# Heaven is ...



## mathepac (19 Feb 2010)

A 911 GT3 RS and a deserted road in Southern France ... 

http://images.pistonheads.com/nimg/21533/PorscheGT3_oppo_wide.jpg

With the hail and snow back, what's your idea of heaven?


----------



## Caveat (19 Feb 2010)

Playing acoustic guitar in a chiringuito from sunset to sunrise with my wife and great company, drinking ice cold beer, eating tapas, occasionally swimming, having the odd recreational cigarette and making luurrvve 

Getting there and back in a white XJS HE cabrio (did they do one?)

_Edit: not sure about the HE part_ [broken link removed]


----------



## Lex Foutish (20 Feb 2010)

mathepac said:


> A 911 GT3 RS and a deserted road in Southern France ...
> 
> http://images.pistonheads.com/nimg/21533/PorscheGT3_oppo_wide.jpg
> 
> With the hail and snow back, what's your idea of heaven?


 
A quart in The Long Valley and being collected by the oul' doll and driven home in a Saab 900 Turbo. Sorry, I couldn't resist that one, Matz! 

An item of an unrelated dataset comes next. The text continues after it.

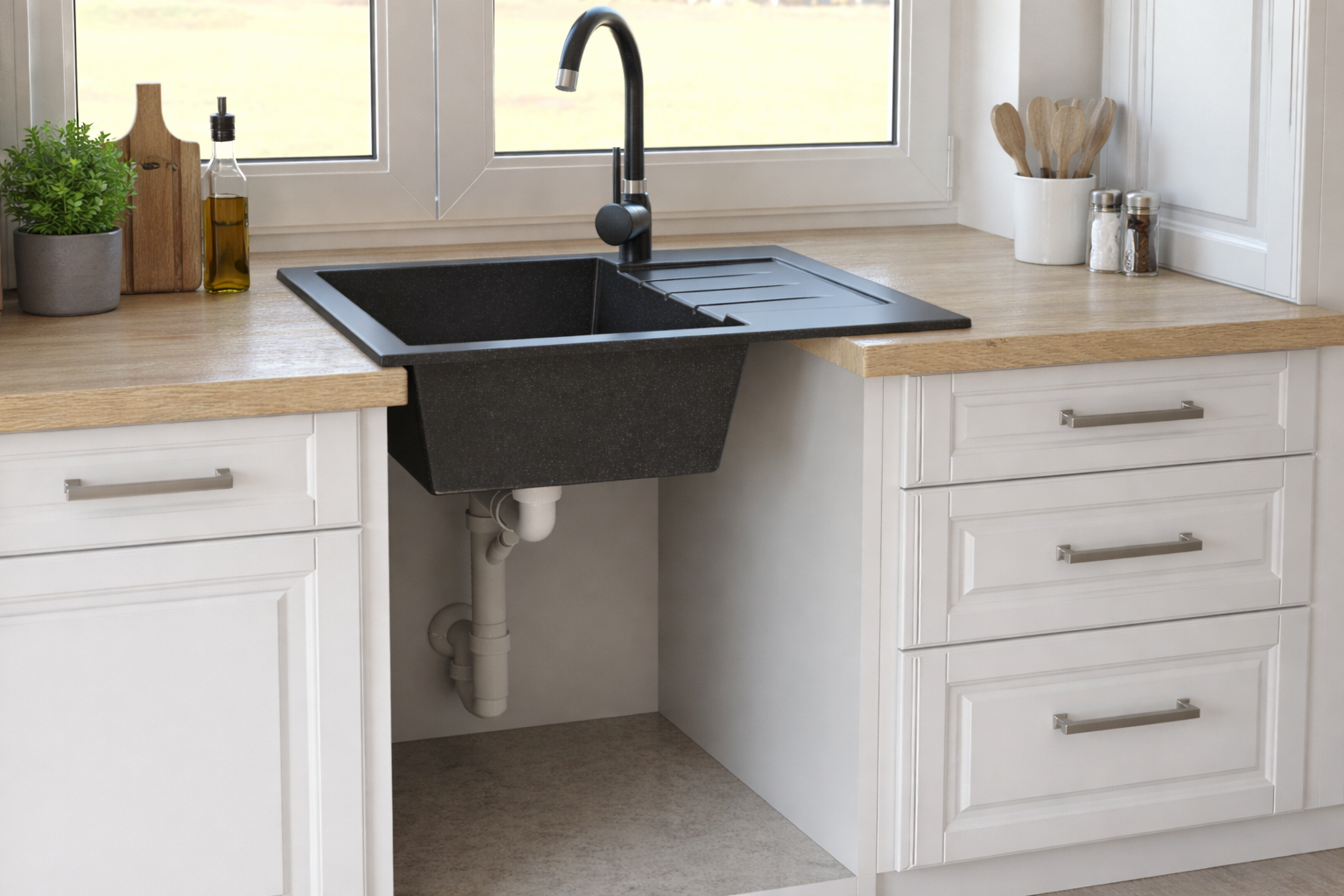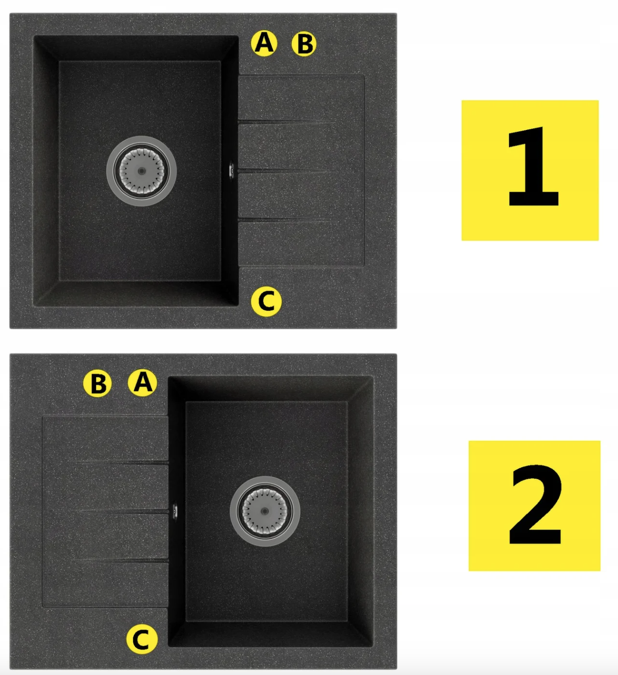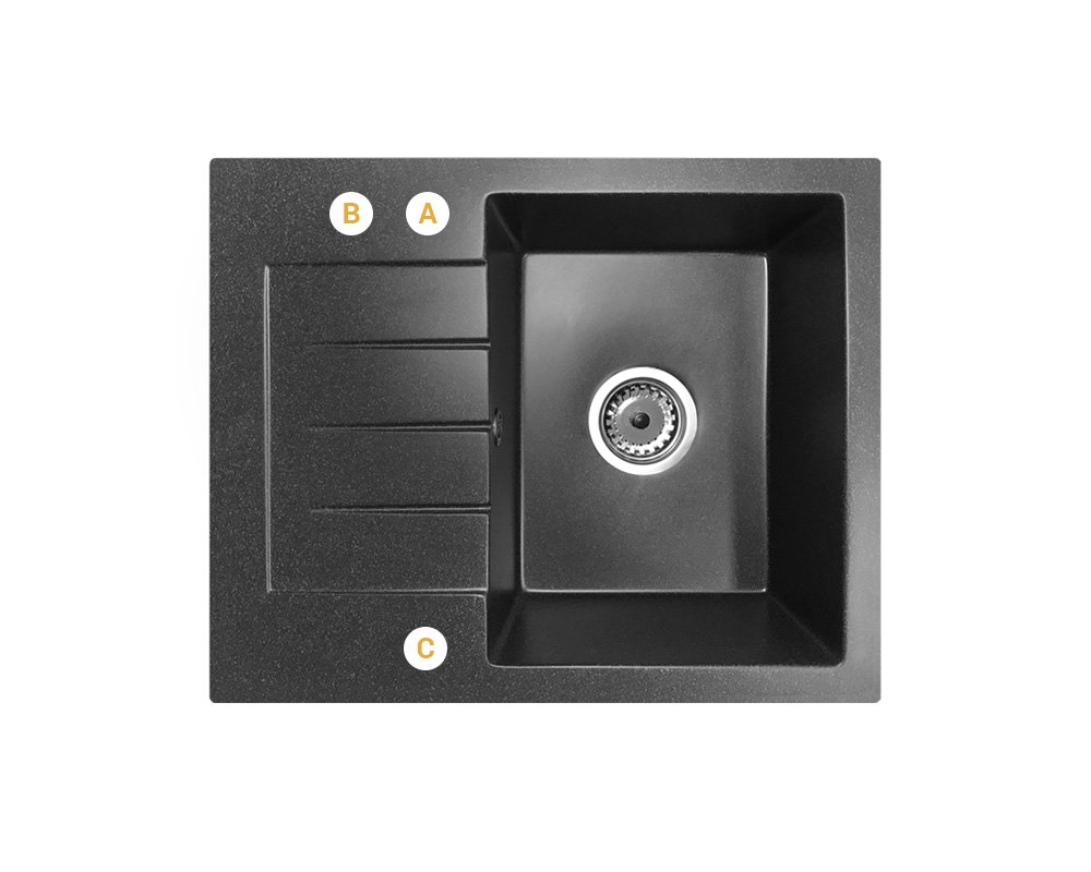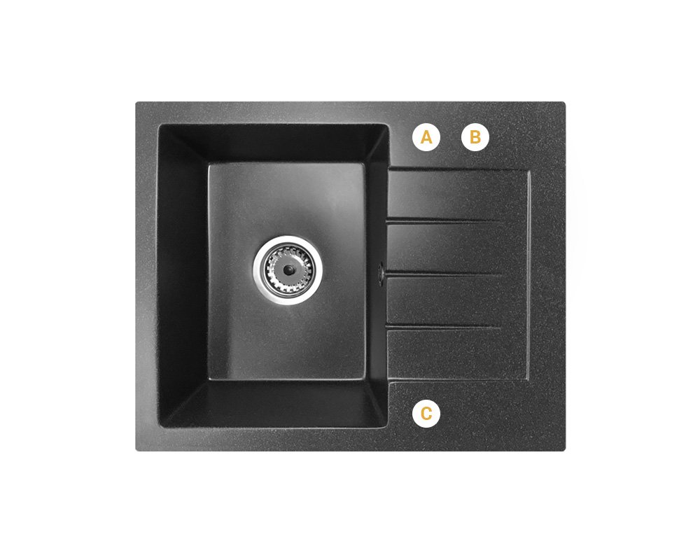 Odwracalna konstrukcja pozwala na montaż komory po lewej lub prawej stronie, co daje pełną swobodę aranżacji, a praktyczny ociekacz zwiększa powierzchnię roboczą i ułatwia suszenie naczyń oraz organizację pracy. Zlewozmywak wykonany jest z materiału (80% kruszywo + 20% żywica), co zapewnia odporność na zarysowania, temperaturę oraz codzienne użytkowanie, a jego matowa, czarna powierzchnia nadaje kuchni elegancki i nowoczesny charakter, jednocześnie ułatwiając utrzymanie czystości. Kompaktowy rozmiar sprawia, że model GORT idealnie pasuje do mniejszych kuchni i aneksów, nie tracąc przy tym na funkcjonalności. Dodatkowym atutem jest możliwość bezpłatnego wykonania otworów (A, B, C) oraz wyboru strony komory (lewa lub prawa), co pozwala w pełni dopasować zlewozmywak do baterii kuchennej, dozownika płynu lub korka automatycznego, a brak informacji skutkuje wysyłką produktu bez nawierconych otworów. W zestawie znajduje się czarny syfon manualny przyścienny, który oszczędza miejsce w szafce, zapewnia wygodne użytkowanie oraz umożliwia podłączenie zmywarki lub pralki, zwiększając funkcjonalność całej instalacji.

My idea of heaven........? Probably standing on this tee box..... http://www.art4golfers.co.uk/product_images/tn_700_25%20grandison%20old%20head%20of%20kinsale%204th.jpg


----------



## Mpsox (22 Feb 2010)

Saturday morning, reading the newspapers at my big kitchen table with a mug of coffee and a scone and the wife and little un gone over to her mothers. Peace and quiet after a long week. Followed of course an hour or so later when they come back and I get told about what the bow-wow at Nana's was doing


----------



## Tinker Bell (22 Feb 2010)

My fella cooking breakfast on Saturday morning while I'm still under the duvet.


----------



## bullbars (23 Feb 2010)

Due to recession-lack of jobs-emigration (see numerous other threads if further infor required) -Going home for a good long holiday- that moment I step of the plane in Dublin is bliss.Its just like the old ESB ad! Getting to see friends and family again and just having the craic.

Footing turf.
Making Hay-its a smell you never forget
Opening a realy sweet bale of silage
Spending hours covered in oil and grease in the shed tinkering with machines and finally getting them working when six hours earlier it was in pieces on the floor!
Doing stupid things like playing with the dogs and talking like an idiot to them.


----------



## Firefly (23 Feb 2010)

... Ballybunion (Old)


----------